I was taught that if you don't believe it is perfect, it can be fundamentally questioned, and therefore isn't worth putting your faith into. Is this something you reconciled or does it not affect you?

I don't see the Bible as something I "put my faith into".  I regard that sort of religion as a form of idolatry: the idea that the Word of God could be reduced down to human language strikes me as absurd, particularly as the supposed God-man Jesus never said "now all you blokes better write this stuff down, word-for-word."  he wasn't thinking like that.

I read the Bible as a

1) the doctrine of creation/fall in Genesis 1-3, which explains the human predicament as concisely as I have seen;

2) the spiritual struggle of "God's chosen people", Israel, who often were in tumult as a result of disruption from outside (even forgetting Egypt, we have the Babylonian Exile, then colonization by the Greeks and then the Romans);

3) the appearance (probably as a split-off disciple of John the Baptist) of Jesus of Nazareth, who both in his own incomplete way took on the Jewish cause as his own, attempting to fulfill the convenant, condemning the accomodationist Jewish power structure of his day as well as preaching the here-and-now, egalitarian revolutionary Kingdom of God; then being crucified by the Roman imperial power;

4) his "Resurrection", in whatever form it took, made his followers absolutely certain that he had passed though death and had a continued ontological existence as the Christ;

5) the NT appears as the early Christians grapple with what had happened and try to make record of it, with varying underlying motives, honesty, etc.
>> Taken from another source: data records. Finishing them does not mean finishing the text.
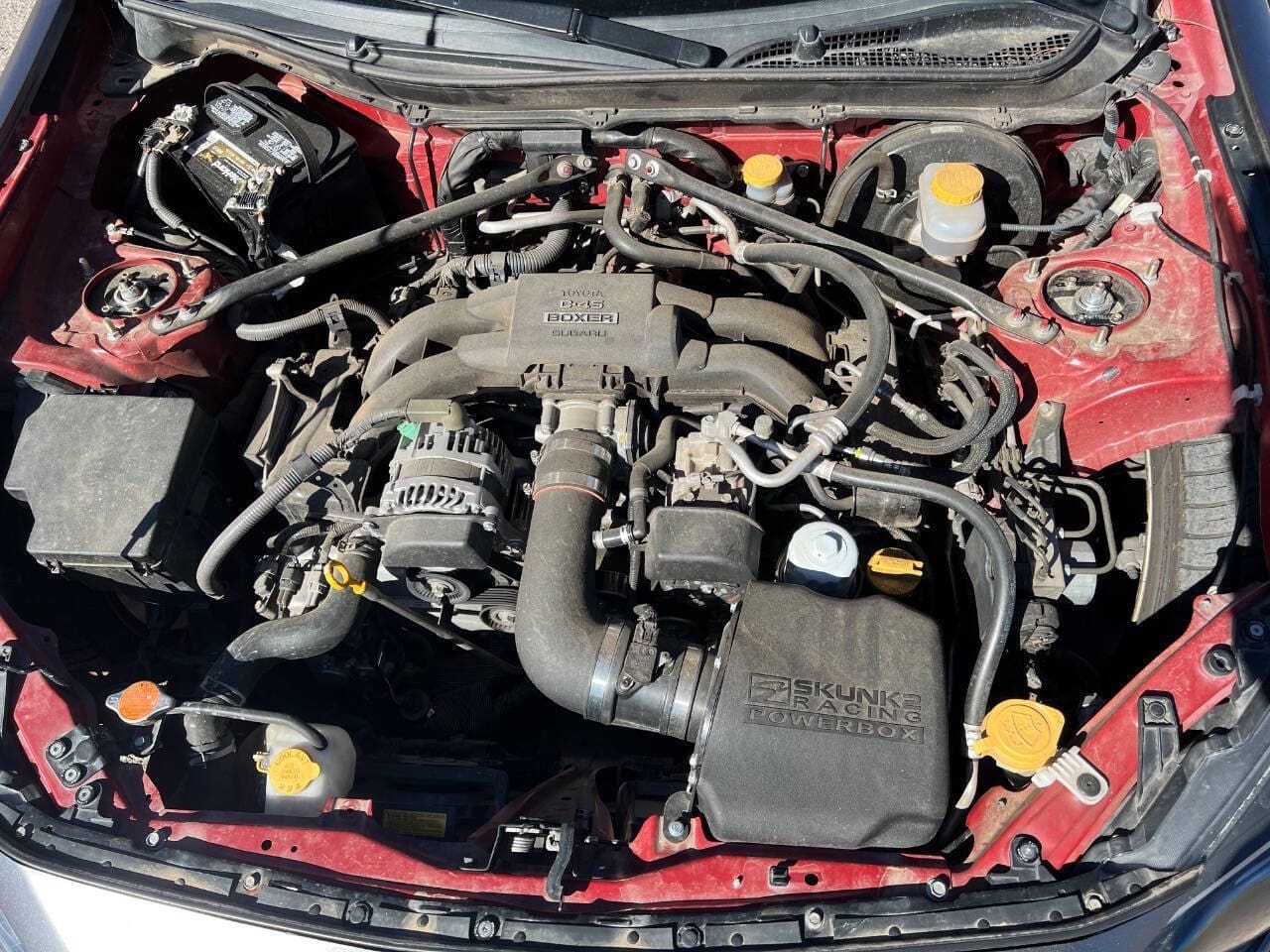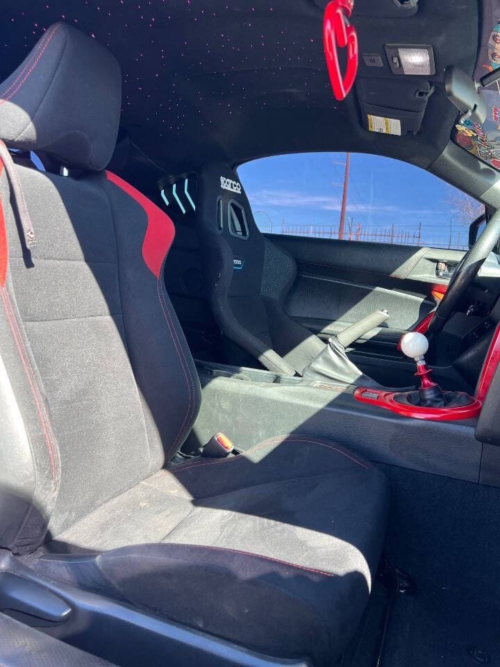 Step inside and you’ll be greeted by a spacious and modern interior. The front seats are bolstered for ultimate comfort and support, while the leather-wrapped steering wheel adds a touch of luxury. The FR-S Base also comes equipped with a 6.1-inch touchscreen display, Bluetooth connectivity, and USB/AUX inputs, making it easy to stay connected on the go.
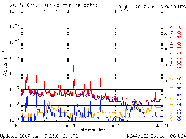 Die Daten in der obigen Grafik wurden geändert, um den Skalierungsfaktor des Space Weather Prediction Center (SWPC) zu entfernen. Durch den SWPC-Skalierungsfaktors für die Flare-Indizes werden die operativen Daten um 42 % kleiner angegeben als für die wissenschaftlichen Qualitätsdaten. Der Skalierungsfaktor wurde auch aus der Liste der Sonneneruptionen entfernt, um die tatsächlichen physikalischen Einheiten wiederzugeben.
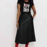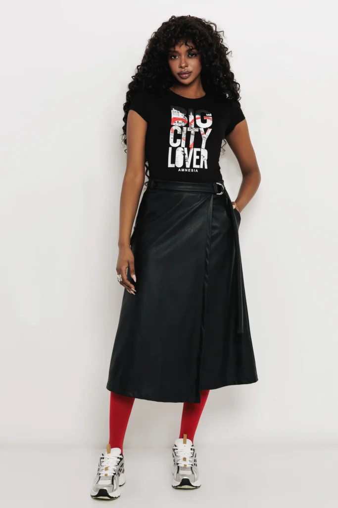 Az AMNESIA Febin szoknya szuper választás, amely modern, karakteres megjelenést ad. A fekete szín és a különleges felület magabiztos stílust közvetít, így könnyen a szett fókuszpontjává válik a tavaszi ruhatáradban.
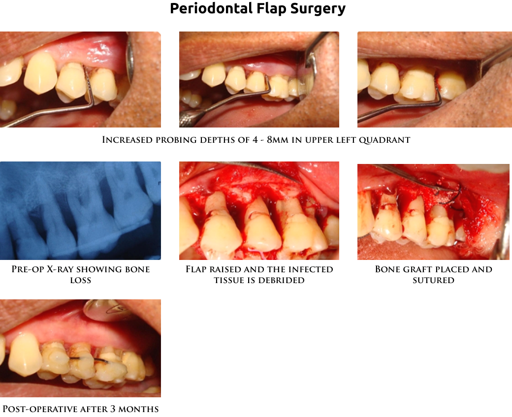 Periodontal flap surgery : It's done to reduce the pockets. The infection in the deeper portion of the gums are cleaned under local anesthesia. A cut is given, and the gums are raised above and hard deposits and infection is scraped and removed. Sometimes, in addition, bone grafts, gum grafts or guided tissue membranes may be needed to cover the root surface. The gums are sutured back. The loose gums are tightly attached to the bone after the healing period. Interdental aids need to be routinely used to keep the area clean.
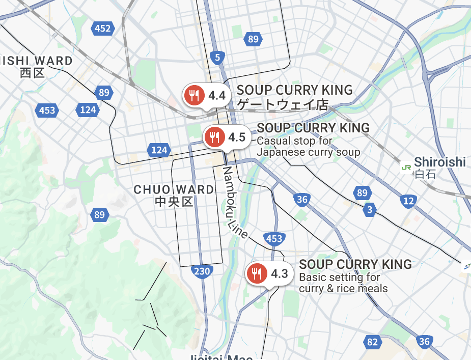 스프카레 킹은 홋카이도에 총 3개의 지점이 있는데,
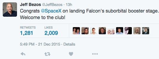 The launch also prompted some interesting social media taunting between the two technology moguls involved in two of the competing space companies. Jeff Bezos of Amazon fame turned to his twitter followers to offer some back-handed congratulations to Elon Musk, the CEO of SpaceX (and Tesla). Bezos’ rocket company, called Blue Origin, had accomplished a similar landing with their smaller rocket a month earlier and drew similar taunts from Musk.
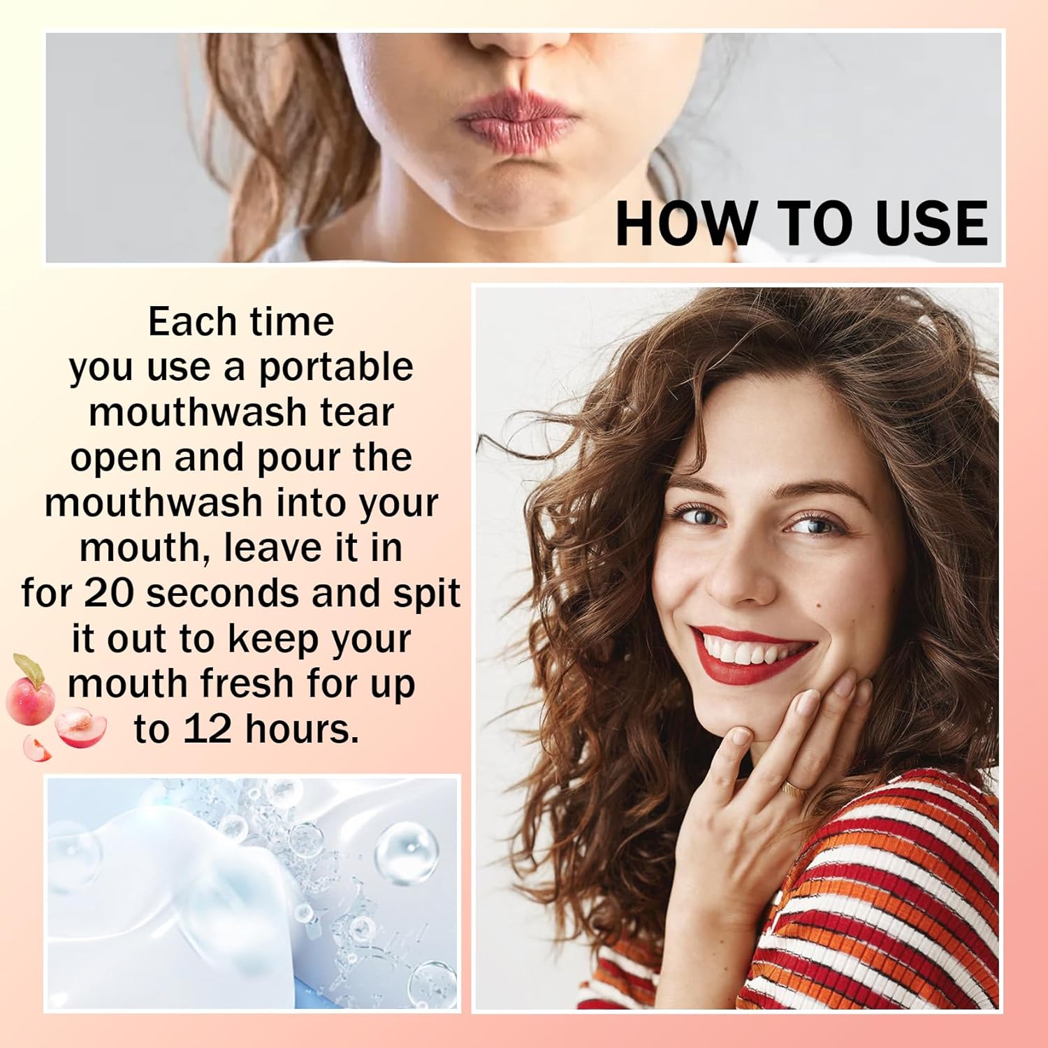 40PCS Peach Oral Care Travel Mouthwash,Fresh Breath Travel Size Mouthwash,Individually Wrapped Mini Mouth Wash,Refreshing Oral Mouth Rinse,Oral Cleaning Mouth Wash for Adults
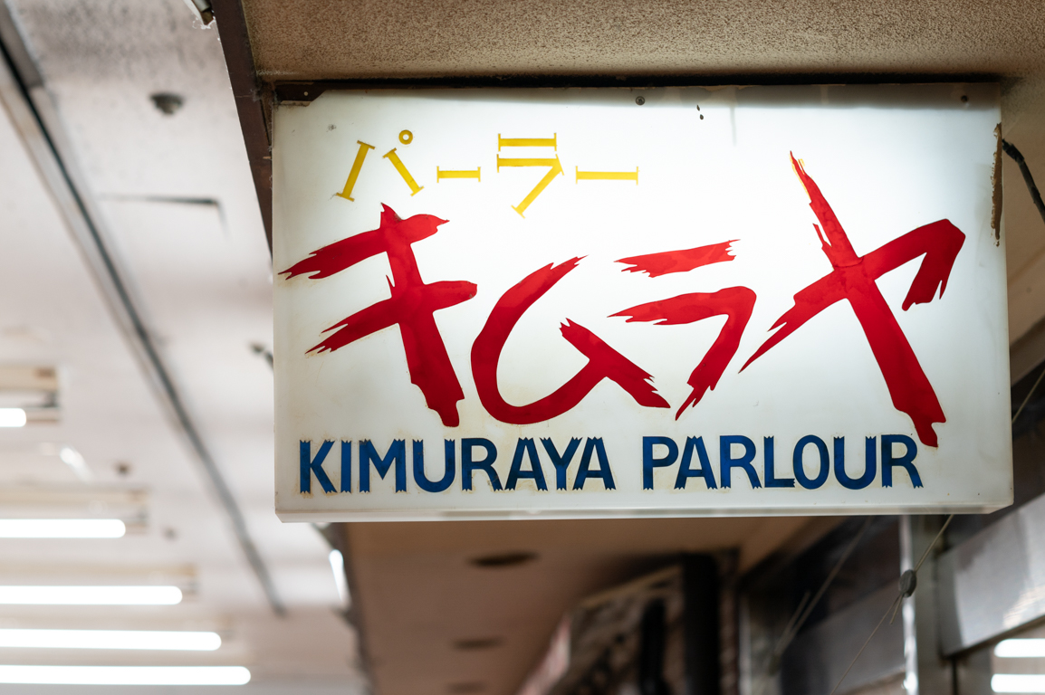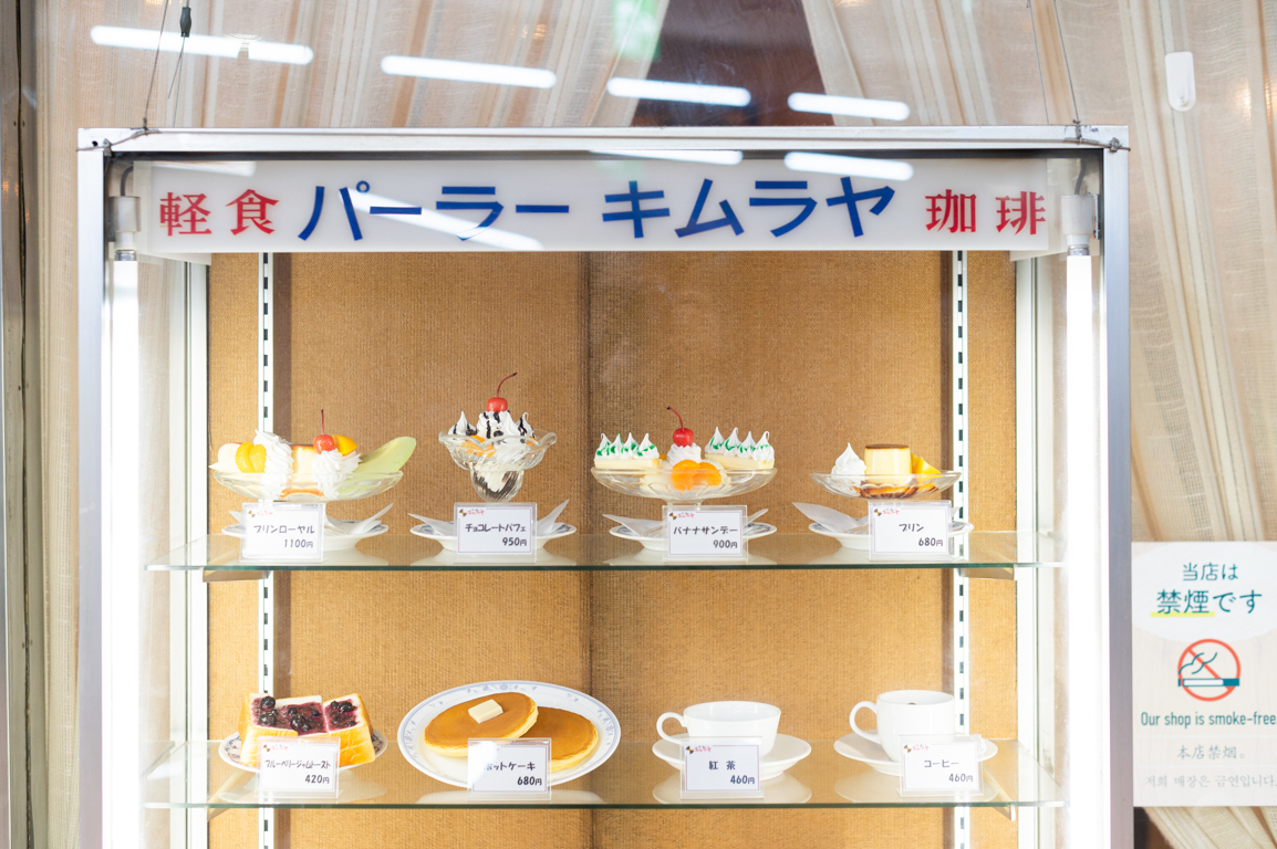 地下1階、ビルの入り口近くにある「パーラー キムラヤ」。今では懐かしい食品サンプルが出迎えてくれます。
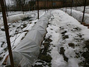 Above, they arrange an impromptu hut made of the same spruce branches, wooden shields over the entire width of the garden, cover them with polyethylene and fix them with something heavy. The ends of the "tunnel" are left open until severe frosts - freely circulating air will not allow condensate to accumulate... If there is no dampness in the shelter, and if it is covered with snow from above, the grapes will survive any frost.
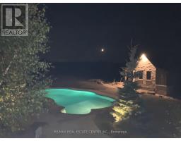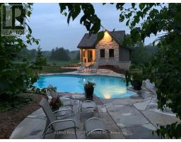 Stunning custom built country estate home on 30 acres of peace, privacy and tranquility. Located just west of Orangeville with easy access to major highways. Features quality workmanship and materials top to bottom. Roof updated (new shingles) October 2025. Extensive landscaping, pool, hot tub, pool house and patios. Chef's delight kitchen with center island overlooking front gardens. Lots of counterspace for the gourmet. Formal living and dining rooms. Cosy and comfortable great room with propane fireplace overlooking the rear grounds and surrounding countryside with walkout to the deck overlooking the pool, hot tub and pool house. Handy main floor laundry and 2 piece powder room with entrance to the garage and front patio. Main floor primary suite with walkin closet and spa like 4 piece ensuite. Upper level features two sun filled bedrooms and a 4 piece bath. Lower level recreation area features a unique stone/brick wood burning fireplace and a walkout to the patio overlooking the pool area. In floor heating in lower level. Ideal set up for inlaw suite or casual entertaining. 26' x 42' handy man shop with separate driveway and well. Suitable for home occupation business. Rogers Fibre optic internet available. Possibility for second dwelling on property (Township of Amaranth). Central metering hydro. 2 wells. This lovely home is built with pride of ownership and has been lovingly maintained and updated by original owners. (id:50886)

I don't put my faith into the Bible, but am fascinated by it and seek to live in continuity with its overarching story.  Jesus did say "all authority goes to me" (Mat 28:18) and the last thing the Resurrected Christ supposedly said in Acts 1 was "it's not for you to know the day or the hour, go on building the Kingdom along the four corners of the Earth".

so I don't spend a lot of time trying to harmonize an obviously polyphonic Bible, as if it only has one message.  my only rule is Jesus breaks ties, in cases of apparent contradiction.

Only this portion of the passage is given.